*Work required:*
Below is a listing; transcribe it exactly but without any images.

*Dataset records:*

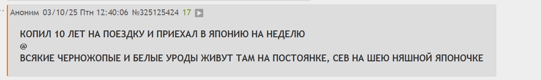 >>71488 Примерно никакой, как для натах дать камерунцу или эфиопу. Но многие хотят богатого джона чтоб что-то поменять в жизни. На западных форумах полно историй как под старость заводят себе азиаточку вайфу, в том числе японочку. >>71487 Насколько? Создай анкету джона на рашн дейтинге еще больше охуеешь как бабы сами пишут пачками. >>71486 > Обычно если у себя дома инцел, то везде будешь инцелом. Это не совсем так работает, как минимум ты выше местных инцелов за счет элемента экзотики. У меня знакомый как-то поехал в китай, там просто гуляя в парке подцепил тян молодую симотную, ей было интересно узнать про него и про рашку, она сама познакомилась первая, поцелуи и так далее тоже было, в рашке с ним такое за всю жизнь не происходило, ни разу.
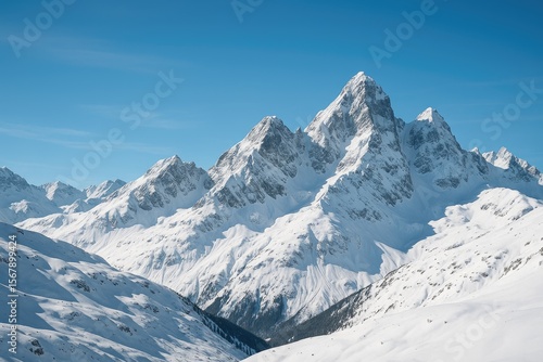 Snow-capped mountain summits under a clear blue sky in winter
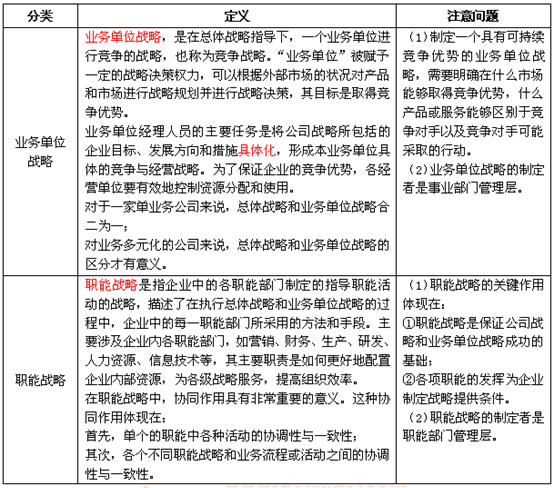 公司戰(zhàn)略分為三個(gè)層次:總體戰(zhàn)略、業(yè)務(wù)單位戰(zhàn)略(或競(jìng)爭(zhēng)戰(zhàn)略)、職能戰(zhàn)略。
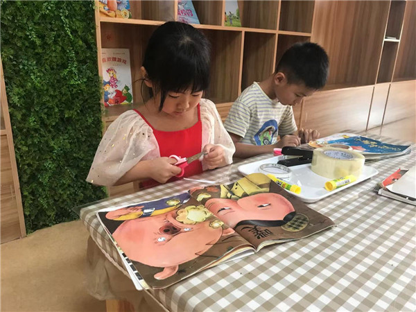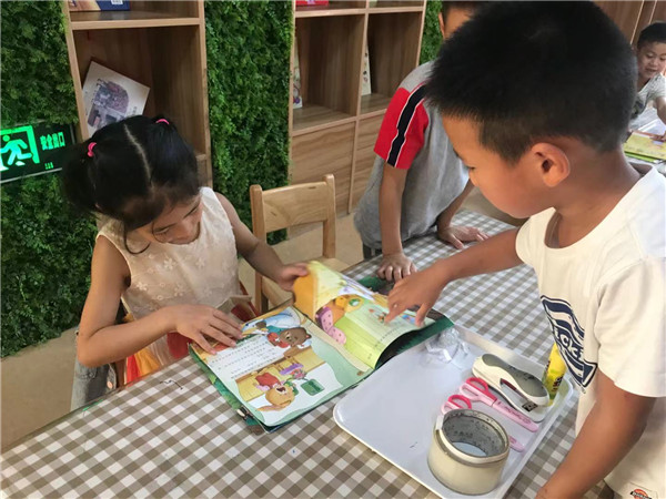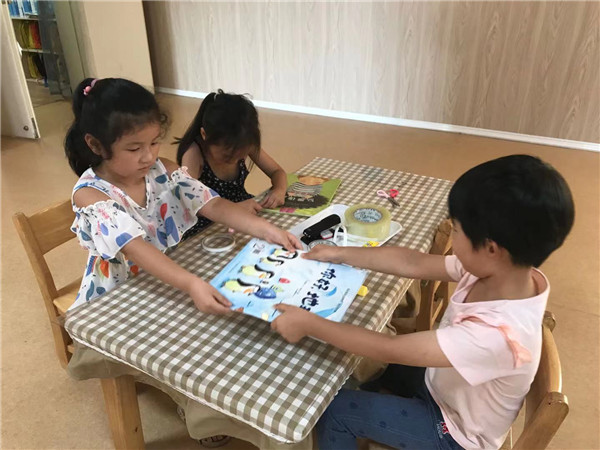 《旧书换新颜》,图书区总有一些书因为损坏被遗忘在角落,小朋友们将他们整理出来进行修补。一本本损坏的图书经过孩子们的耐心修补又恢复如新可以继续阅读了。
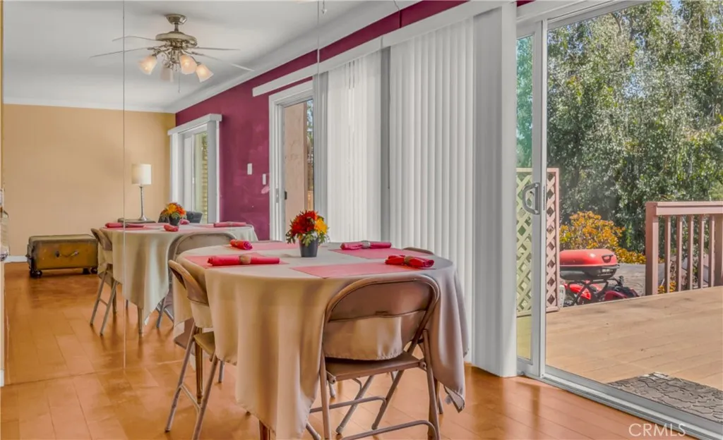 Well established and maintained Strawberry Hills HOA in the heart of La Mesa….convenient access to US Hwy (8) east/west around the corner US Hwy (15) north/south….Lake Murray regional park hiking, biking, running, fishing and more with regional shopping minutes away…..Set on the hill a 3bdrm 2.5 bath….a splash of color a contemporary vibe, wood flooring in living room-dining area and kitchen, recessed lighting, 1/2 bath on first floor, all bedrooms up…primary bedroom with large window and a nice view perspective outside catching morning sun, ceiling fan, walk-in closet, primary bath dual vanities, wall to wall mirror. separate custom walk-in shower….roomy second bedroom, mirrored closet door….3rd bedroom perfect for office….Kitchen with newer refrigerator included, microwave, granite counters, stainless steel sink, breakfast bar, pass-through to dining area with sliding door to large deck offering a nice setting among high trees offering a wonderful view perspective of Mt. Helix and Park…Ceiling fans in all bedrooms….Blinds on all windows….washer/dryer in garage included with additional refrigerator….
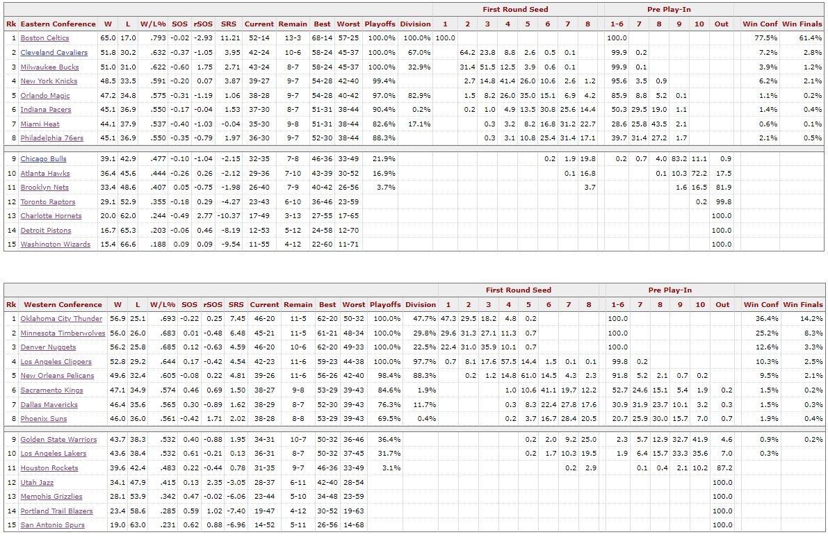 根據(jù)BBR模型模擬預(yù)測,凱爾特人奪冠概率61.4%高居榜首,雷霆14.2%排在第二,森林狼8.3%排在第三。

*Answer:*
 >>71488 Примерно никакой, как для натах дать камерунцу или эфиопу. Но многие хотят богатого джона чтоб что-то поменять в жизни. На западных форумах полно историй как под старость заводят себе азиаточку вайфу, в том числе японочку. >>71487 Насколько? Создай анкету джона на рашн дейтинге еще больше охуеешь как бабы сами пишут пачками. >>71486 > Обычно если у себя дома инцел, то везде будешь инцелом. Это не совсем так работает, как минимум ты выше местных инцелов за счет элемента экзотики. У меня знакомый как-то поехал в китай, там просто гуляя в парке подцепил тян молодую симотную, ей было интересно узнать про него и про рашку, она сама познакомилась первая, поцелуи и так далее тоже было, в рашке с ним такое за всю жизнь не происходило, ни разу.
 Snow-capped mountain summits under a clear blue sky in winter
 公司戰(zhàn)略分為三個(gè)層次:總體戰(zhàn)略、業(yè)務(wù)單位戰(zhàn)略(或競(jìng)爭(zhēng)戰(zhàn)略)、職能戰(zhàn)略。
 《旧书换新颜》,图书区总有一些书因为损坏被遗忘在角落,小朋友们将他们整理出来进行修补。一本本损坏的图书经过孩子们的耐心修补又恢复如新可以继续阅读了。
 Well established and maintained Strawberry Hills HOA in the heart of La Mesa….convenient access to US Hwy (8) east/west around the corner US Hwy (15) north/south….Lake Murray regional park hiking, biking, running, fishing and more with regional shopping minutes away…..Set on the hill a 3bdrm 2.5 bath….a splash of color a contemporary vibe, wood flooring in living room-dining area and kitchen, recessed lighting, 1/2 bath on first floor, all bedrooms up…primary bedroom with large window and a nice view perspective outside catching morning sun, ceiling fan, walk-in closet, primary bath dual vanities, wall to wall mirror. separate custom walk-in shower….roomy second bedroom, mirrored closet door….3rd bedroom perfect for office….Kitchen with newer refrigerator included, microwave, granite counters, stainless steel sink, breakfast bar, pass-through to dining area with sliding door to large deck offering a nice setting among high trees offering a wonderful view perspective of Mt. Helix and Park…Ceiling fans in all bedrooms….Blinds on all windows….washer/dryer in garage included with additional refrigerator….
 根據(jù)BBR模型模擬預(yù)測,凱爾特人奪冠概率61.4%高居榜首,雷霆14.2%排在第二,森林狼8.3%排在第三。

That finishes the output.